= North Cheshire Wind Orchestra =

The North Cheshire Wind Orchestra (NCWO) is a symphonic wind orchestra based in Warrington, England.

The membership of around 40 players is drawn from throughout the North West of England, many of whom travel considerable distances to rehearsals. Whilst a number of members make their living from music, the group is essentially non-professional.

Over the last 5 years the NCWO has developed to the point where it is now regarded as one of the finest ensembles of its type in the UK. In April 2006 the NCWO was honoured to give the European premiere of Daron Hagen's opera Bandanna, along with soloists from the Royal Northern College of Music and the Manchester Chamber Choir, in the presence of the composer.

The NCWO have regular success in the National Concert Band Festival at both regional and national level, including consecutive Gold Awards at the 2004 and 2005 National finals. The NCWO is also a member of Making Music - the National Federation of Music Societies.

In November 2002 the orchestra performed at the opening celebrations for Pyramid, Warrington’s new arts centre. The concert included the premiere of a new work commissioned for the occasion by the Irish composer, Fergal Carroll. In October 2003 the NCWO launched a concert season at Pyramid which has established a regular base for the orchestra.
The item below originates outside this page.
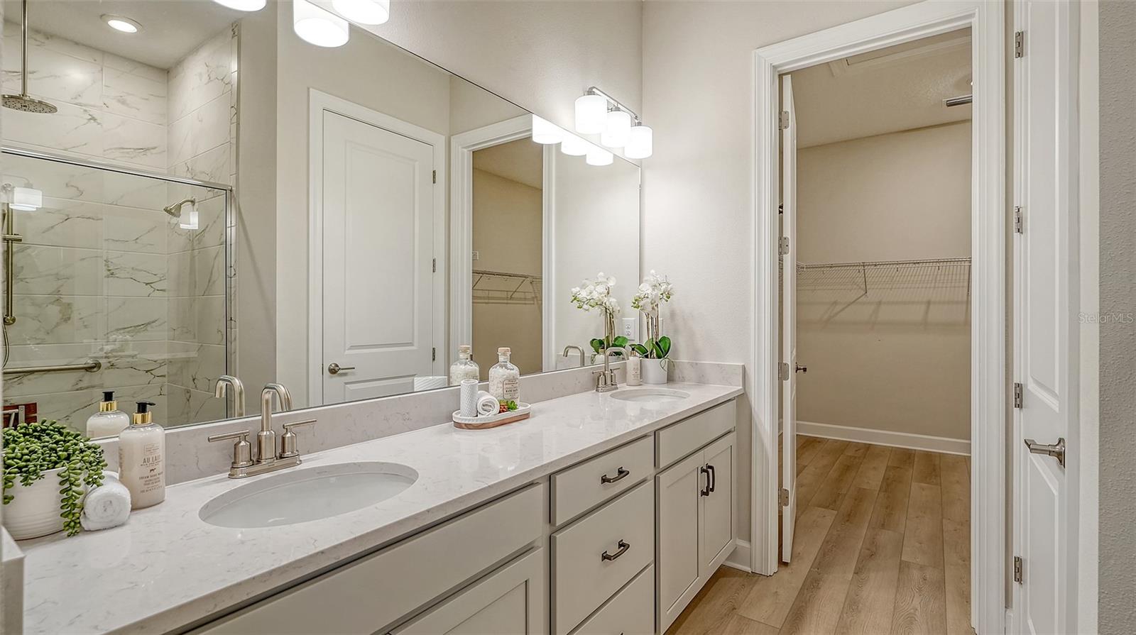Discover resort-style living at its finest in this fully loaded 3-bedroom, 3-bath plus office Lazio floor plan, located in the highly sought-after Esplanade at Azario in Lakewood Ranch. This exceptional, non-golf deeded home showcases impact glass windows and doors, designer finishes, and a stunning water view that sets the tone for luxury and relaxation. Step inside and experience effortless elegance with tray ceilings, crown molding, luxury vinyl plank flooring throughout, and an abundance of natural light. The gourmet kitchen is a chef’s dream, featuring Quartz countertops, a large center island, GE Monogram stainless appliances including a gas cooktop and range hood, wall-mounted oven and microwave, extended cabinetry with wine refrigerator, soft-close drawers, tile backsplash, and a spacious walk-in pantry. The open-concept great room flows seamlessly to the covered lanai with a heated saltwater pool and spa and a fully equipped outdoor kitchen, creating the perfect space for entertaining or quiet evenings watching the sunset. The primary suite is a true retreat, offering peaceful water views, a spacious walk-in closet, and a luxurious en-suite bath featuring a large walk-in shower with frameless glass, dual sink vanity, quartz countertops, and beautiful tile extending to the ceiling. Designed for modern living, the home also includes a laundry room with utility sink and cabinetry, epoxy garage flooring, glass front door with sidelights, and a tandem 3rd bay garage. Exterior enhancements include landscape lighting and bay window extensions that elevate the home’s curb appeal and livability. Located within Esplanade at Azario, residents enjoy world-class amenities—a resort-style pool and Bahama bar, full-service spa, state-of-the-art fitness center, sports courts, culinary center with teaching kitchen, on-site dining, and a full-time lifestyle director. Additional offerings include pickleball, tennis, bocce, walking trails, a dog park, community garden, and fire pit—all just minutes from Lakewood Ranch’s premier shopping, dining, and Gulf Coast beaches. This home offers the perfect blend of luxury, privacy, and low-maintenance living. Schedule your private showing today and experience the Esplanade lifestyle!

A wide range of music is performed by the group, although there is a particular commitment to music written for the modern wind orchestra in the past 30 years. The organisation is now noted for its adventurous programming and has taken part in several commissioning projects.

This interest in commissioning and performing new music was an important factor in the decision of the Arts Council of England in May 2000 to award the NCWO over £21,000 of National Lottery funding towards the purchase of new instruments.